What you are asked to do
Copy the lines below, word for word, from the first through the line containing "株式会社フォワードワークス(以下、FW)". Leave the pictures out.

Material for this task Start Marker

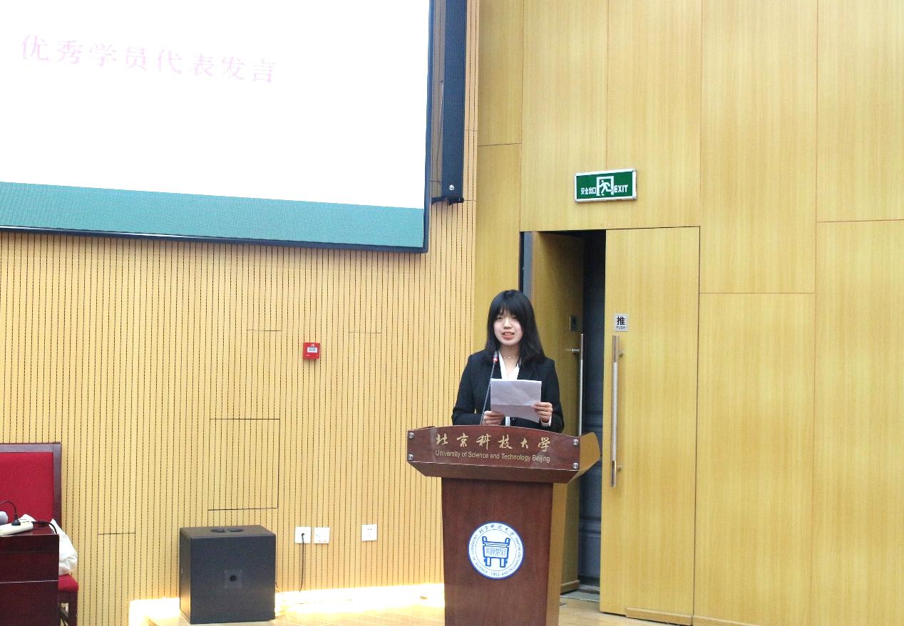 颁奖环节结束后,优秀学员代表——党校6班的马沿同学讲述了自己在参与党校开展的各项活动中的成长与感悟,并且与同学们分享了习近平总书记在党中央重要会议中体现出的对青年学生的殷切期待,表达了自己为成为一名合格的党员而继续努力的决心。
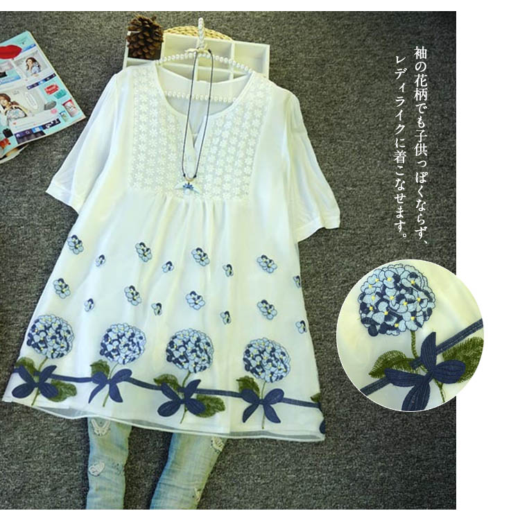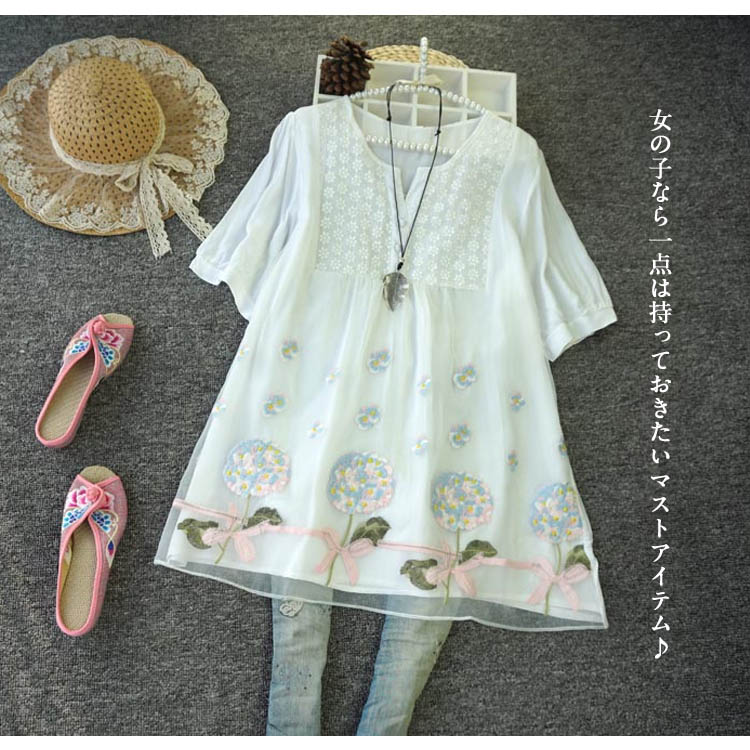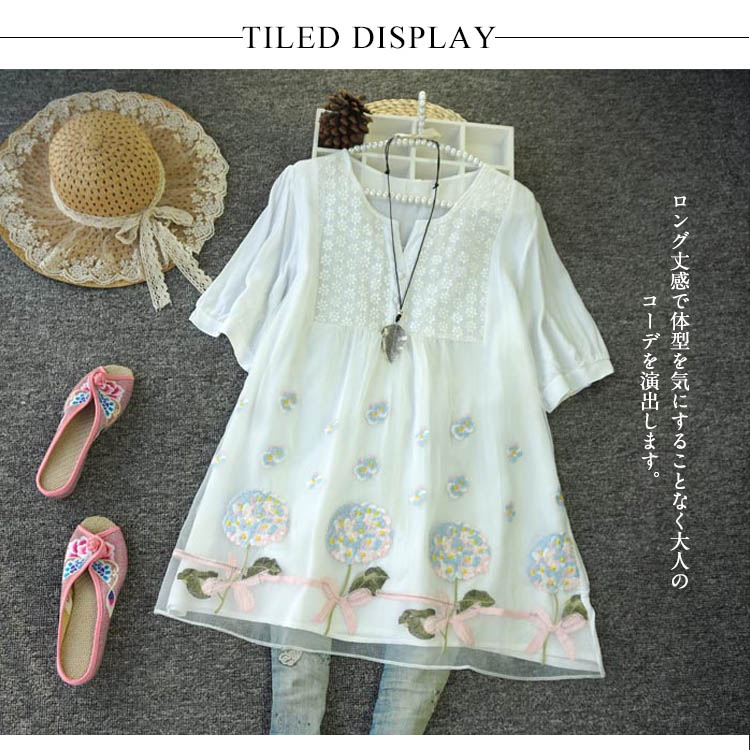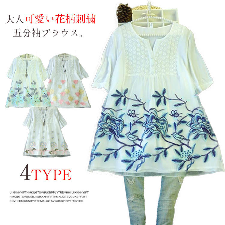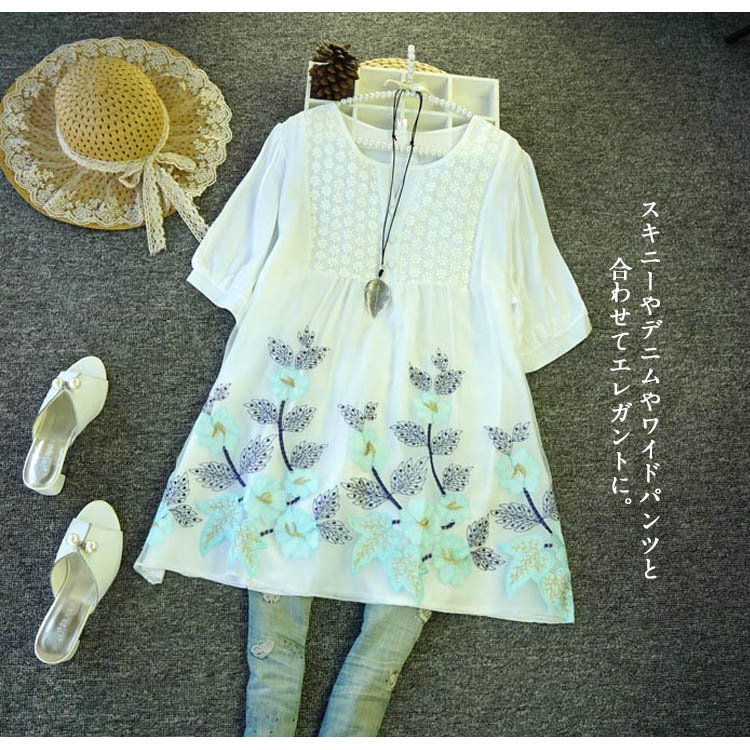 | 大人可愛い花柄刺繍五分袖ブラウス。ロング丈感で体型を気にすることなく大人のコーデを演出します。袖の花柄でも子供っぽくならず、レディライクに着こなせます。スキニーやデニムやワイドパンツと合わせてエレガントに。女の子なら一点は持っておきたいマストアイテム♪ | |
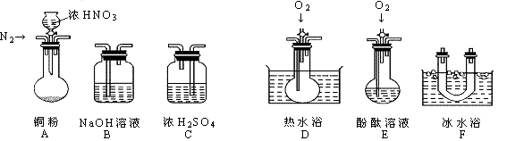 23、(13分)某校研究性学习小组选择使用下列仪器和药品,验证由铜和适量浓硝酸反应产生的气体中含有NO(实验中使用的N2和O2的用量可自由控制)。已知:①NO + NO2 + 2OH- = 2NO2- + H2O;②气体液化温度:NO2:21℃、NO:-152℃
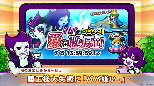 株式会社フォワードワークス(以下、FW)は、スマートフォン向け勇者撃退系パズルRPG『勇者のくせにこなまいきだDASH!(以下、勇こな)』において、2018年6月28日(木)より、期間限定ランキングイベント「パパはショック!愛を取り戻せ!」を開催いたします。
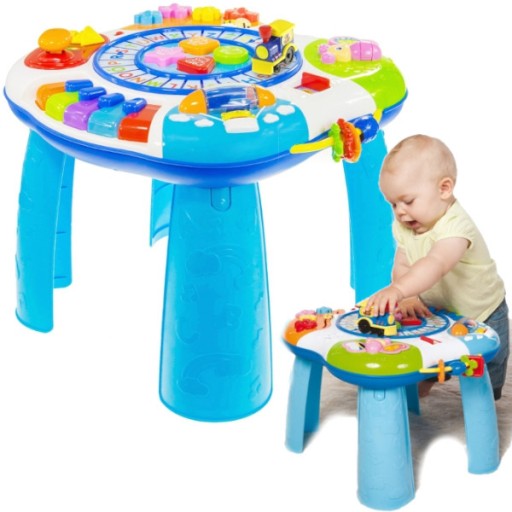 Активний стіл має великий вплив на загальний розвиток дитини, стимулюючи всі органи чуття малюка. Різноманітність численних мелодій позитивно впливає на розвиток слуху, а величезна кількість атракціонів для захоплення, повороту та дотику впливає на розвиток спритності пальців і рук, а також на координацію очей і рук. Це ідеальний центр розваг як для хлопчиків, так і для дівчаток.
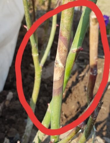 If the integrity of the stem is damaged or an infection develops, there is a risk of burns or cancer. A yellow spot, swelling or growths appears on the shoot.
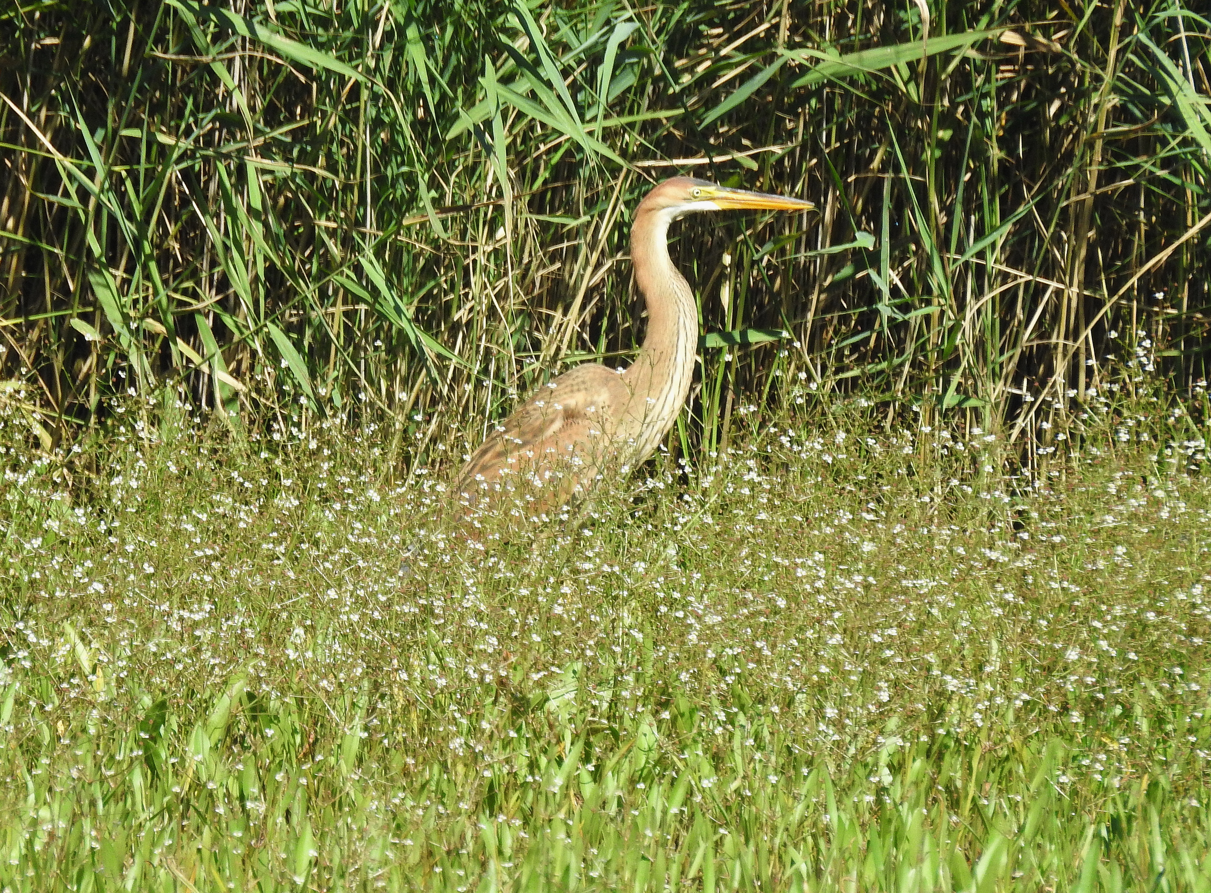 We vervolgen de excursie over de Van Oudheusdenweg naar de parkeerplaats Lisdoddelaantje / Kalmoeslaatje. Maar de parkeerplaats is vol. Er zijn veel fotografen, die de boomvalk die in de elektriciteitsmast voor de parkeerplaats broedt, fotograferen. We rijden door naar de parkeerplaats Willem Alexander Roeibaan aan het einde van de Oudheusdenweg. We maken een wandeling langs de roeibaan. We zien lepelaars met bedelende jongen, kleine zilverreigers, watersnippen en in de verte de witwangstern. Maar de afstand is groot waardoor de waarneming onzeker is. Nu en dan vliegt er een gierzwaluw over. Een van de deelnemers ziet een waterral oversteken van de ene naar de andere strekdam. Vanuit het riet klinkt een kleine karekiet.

Material for this task End Marker

Task response
 颁奖环节结束后,优秀学员代表——党校6班的马沿同学讲述了自己在参与党校开展的各项活动中的成长与感悟,并且与同学们分享了习近平总书记在党中央重要会议中体现出的对青年学生的殷切期待,表达了自己为成为一名合格的党员而继续努力的决心。
 | 大人可愛い花柄刺繍五分袖ブラウス。ロング丈感で体型を気にすることなく大人のコーデを演出します。袖の花柄でも子供っぽくならず、レディライクに着こなせます。スキニーやデニムやワイドパンツと合わせてエレガントに。女の子なら一点は持っておきたいマストアイテム♪ | |
 23、(13分)某校研究性学习小组选择使用下列仪器和药品,验证由铜和适量浓硝酸反应产生的气体中含有NO(实验中使用的N2和O2的用量可自由控制)。已知:①NO + NO2 + 2OH- = 2NO2- + H2O;②气体液化温度:NO2:21℃、NO:-152℃
 株式会社フォワードワークス(以下、FW)は、スマートフォン向け勇者撃退系パズルRPG『勇者のくせにこなまいきだDASH!(以下、勇こな)』において、2018年6月28日(木)より、期間限定ランキングイベント「パパはショック!愛を取り戻せ!」を開催いたします。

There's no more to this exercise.